While on the stand, Spacey became emotional when questioned about the statement he put out in response to Rapp’s allegations, saying his publicity team advised him that he couldn’t push back against the claims or he’d be labeled a victim blamer.
“I was being encouraged to apologize and I’ve learned a lesson which is never apologize for something you didn’t do,” Spacey said. “I regret my entire statement.”
He said that his statement, in which he first acknowledged his sexual orientation, was not well received.
“I was accused of trying to change the subject, or trying to deflect, or that I was conflating an allegation with being gay, which was never my intention,” Spacey said, crying. “I would have never done anything to hurt the gay community, and I was so upset that that was what happened. I understood it in retrospect.”
The jury heard the remaining evidence in the case on Wednesday and were slated to begin deliberating the case following closing arguments on Thursday. The jury will have to decide whether Spacey committed battery against Rapp and thereby affected the younger actor’s mental state, contributing to his struggles with post-traumatic stress disorder.

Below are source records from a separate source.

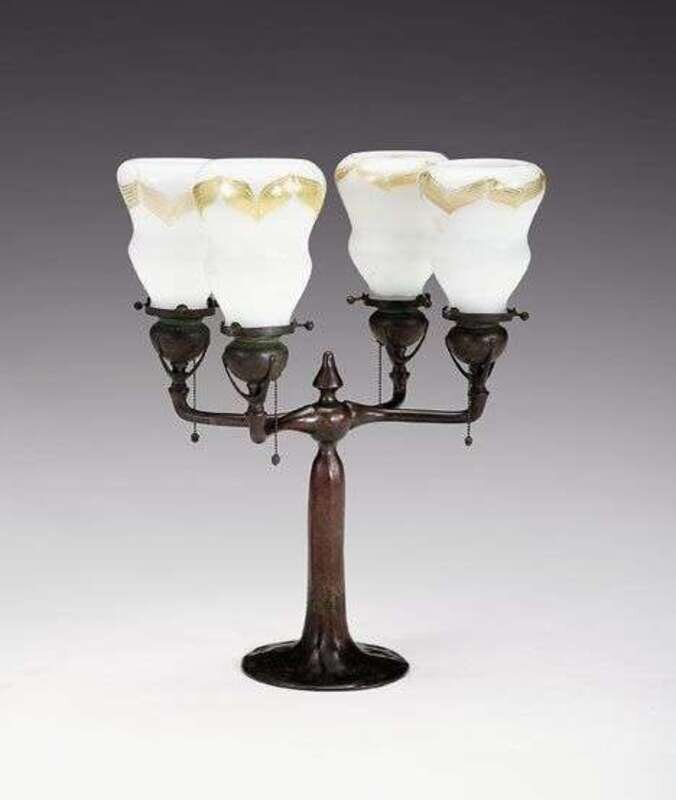 Tiffany Studios favrile glass and bronze four-arm candelabra early 20th century
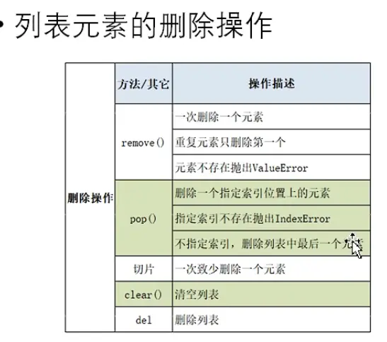 - 删除 remove() pop() clear() del 切片[ star: end :sep]
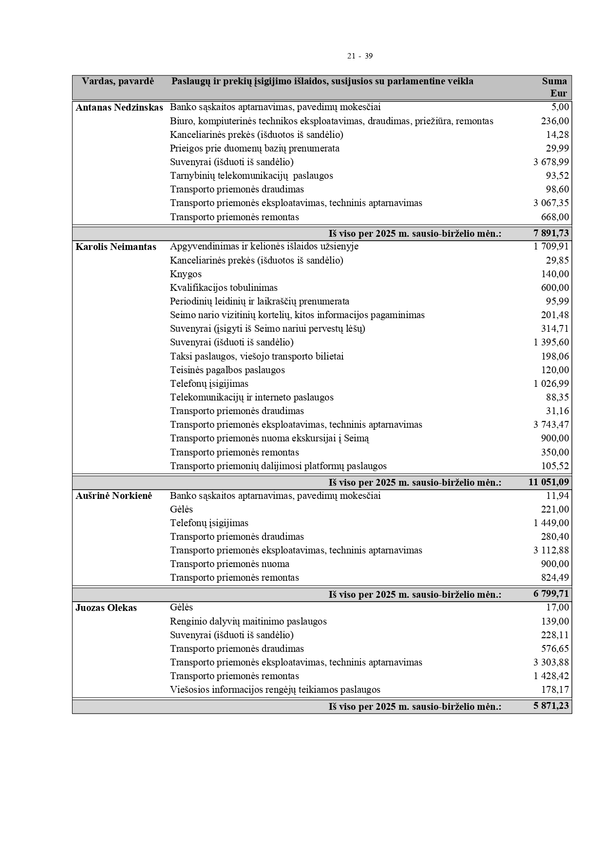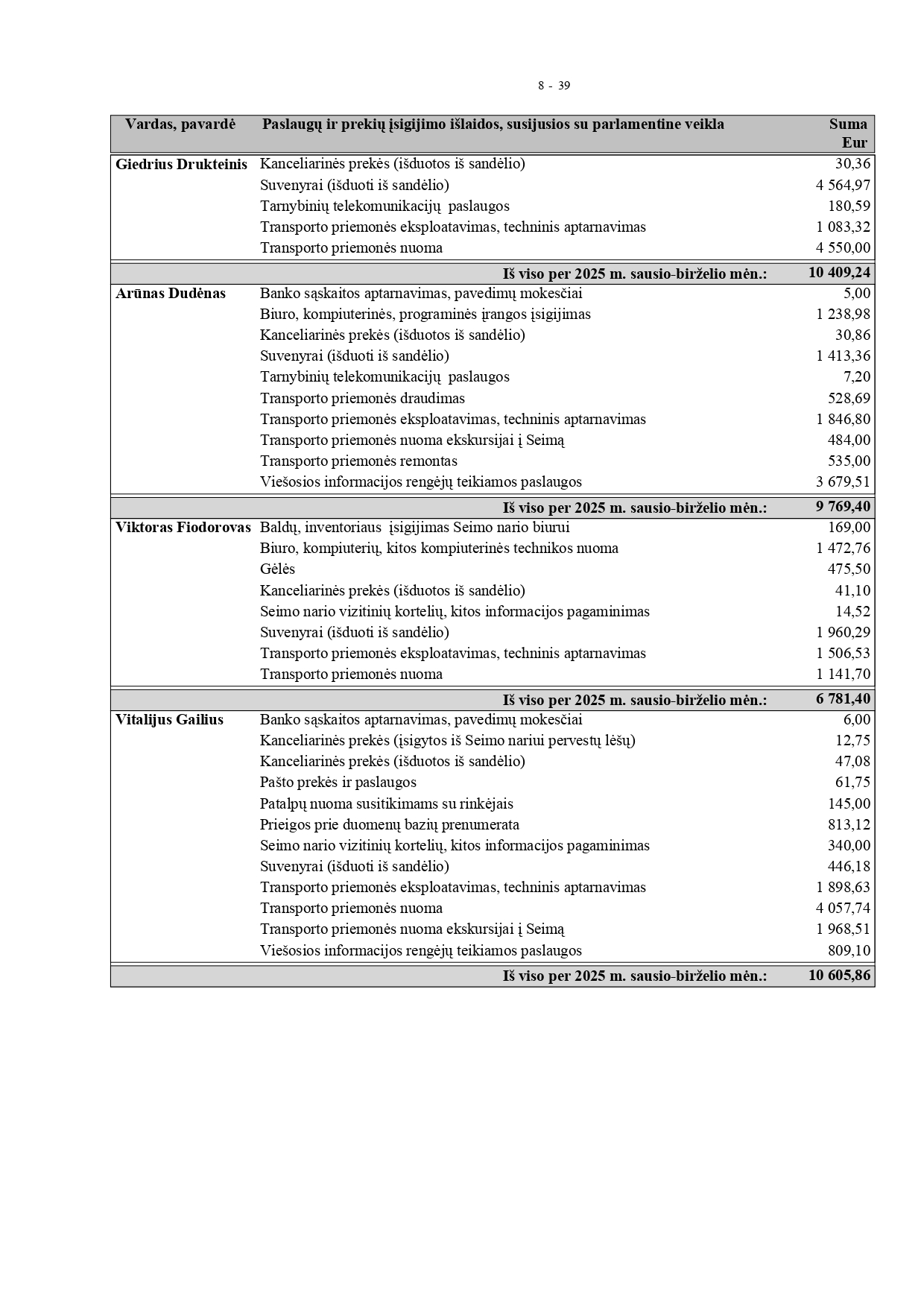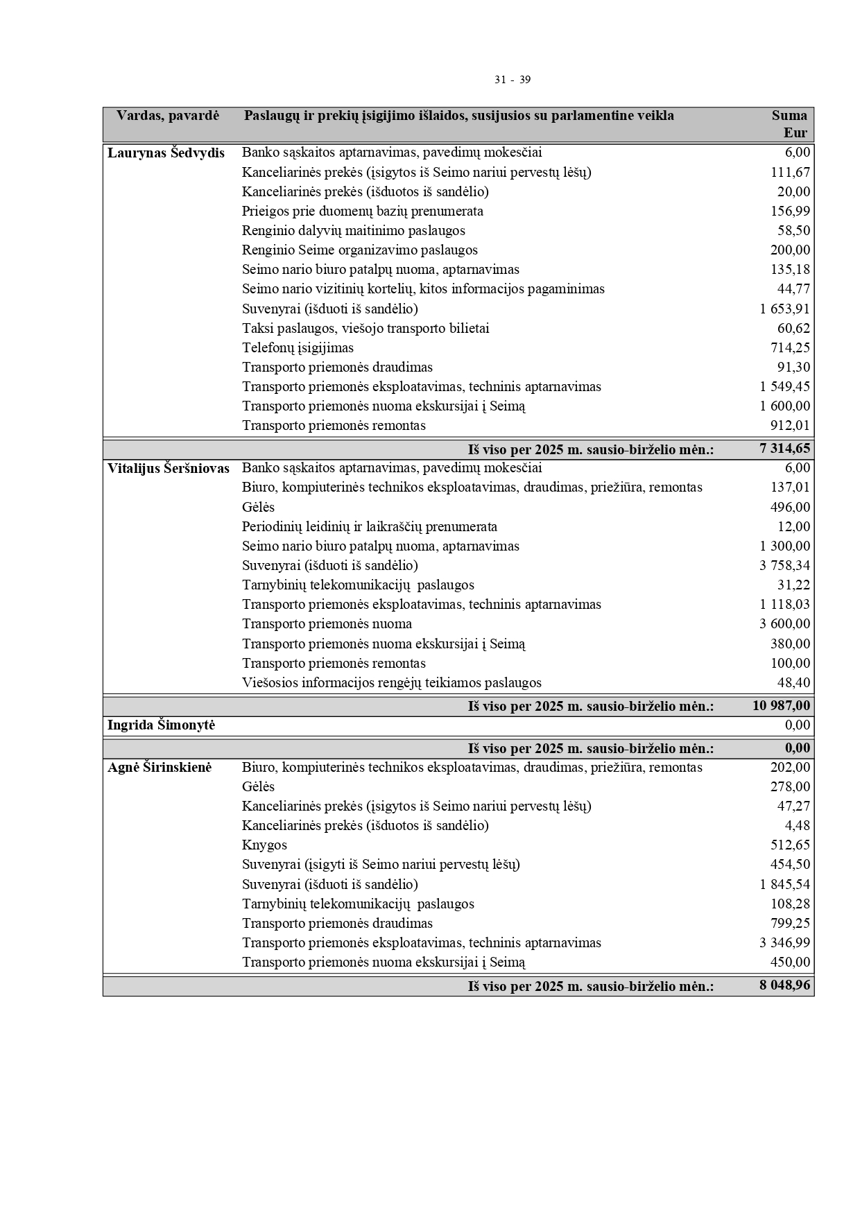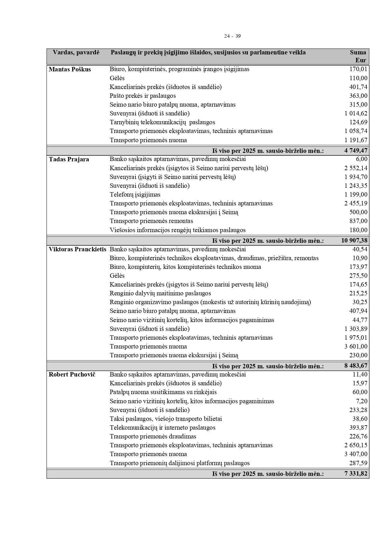 Kaip skelbia 15min.lt, tarp Seimo išlaidūnų vyrauja valdantieji socialdemokratai ir „aušriečiai“, o dažniausios išlaidos – automobilių nuomai, eksploatacijai ir techniniam aptarnavimui. Politikai taip pat nevengė pratuštinti Seimo sandėlio.

Spacey’s attorneys called forensic psychiatrist Alexander Bardey as their final witness. In his testimony, Bardey said he disagreed with a medical expert called by Rapp’s team, Lisa Rocchio, who claimed that Rapp suffers from PTSD. Bardey also testified that he believes the Star Trek: Discovery and Rent actor displays traits related to narcissistic personality disorder, reports the entertainment news website Deadline.
Richard Steigman, an attorney for Rapp, grilled Bardey over claims he made regarding his assessment of Rapp as suffering from narcissism, seeking to poke holes in Bardey’s testimony. Steigman pointed to consistent answers Rapp gave to various tests designed to identify whether people are faking or exaggerating mental illness, to dispel the argument, put forth by Spacey’s legal team, that Rapp is pretending to be traumatized.
Even so, Spacey’s lawyers have also argued that if Rapp isn’t faking symptoms of PTSD, he’s blaming Spacey for other traumatic events, including a separate sexual encounter at age 14 that Rapp wrote about unfavorably in his memoir.
Rapp’s lawyers also asked Bardey, as they wrapped up cross-examination whether any narcissists have won Academy Awards, a veiled reference to Spacey. Bardey said there likely had been some who won the prestigious acting award.
That said, after dismissing the jurors, Kaplan and lawyers from both sides argued over the instructions that would be given to the jury, with Kaplan making several rulings that appeared to favor Spacey’s defense team.
For instance, the judge said “there’s bundles of evidence” that Rapp contributed to his own mental distress by going public with his claim of sexual misconduct, “exposing himself to the lawsuit and watching Kevin Spacey movies ad nauseam,” despite the discomfort he testified that the movies caused him. As such, Kaplan said, “[a] jury could find that was unreasonable,” refusing to modify jury instructions on whether Rapp’s conduct might lessen Spacey’s liability, reports Deadline.
Kaplan also said he was “very troubled” by a comment that Rapp made on the stand, in which he attempted to refer to other allegations of sexual misconduct made against Spacey. While Kaplan ordered the comment struck from the record and told the jurors to disregard the remark, he said was troubled by Rapp’s actions because he had previously stricken a similar statement earlier in the trial.
Spacey has been accused of sexual misconduct by more than 20 men since Rapp’s allegations were published in 2017. He is set to face trial in the United Kingdom in June on four counts relating to an alleged sexual assault. But he has vehemently and repeatedly denied all allegations made against him.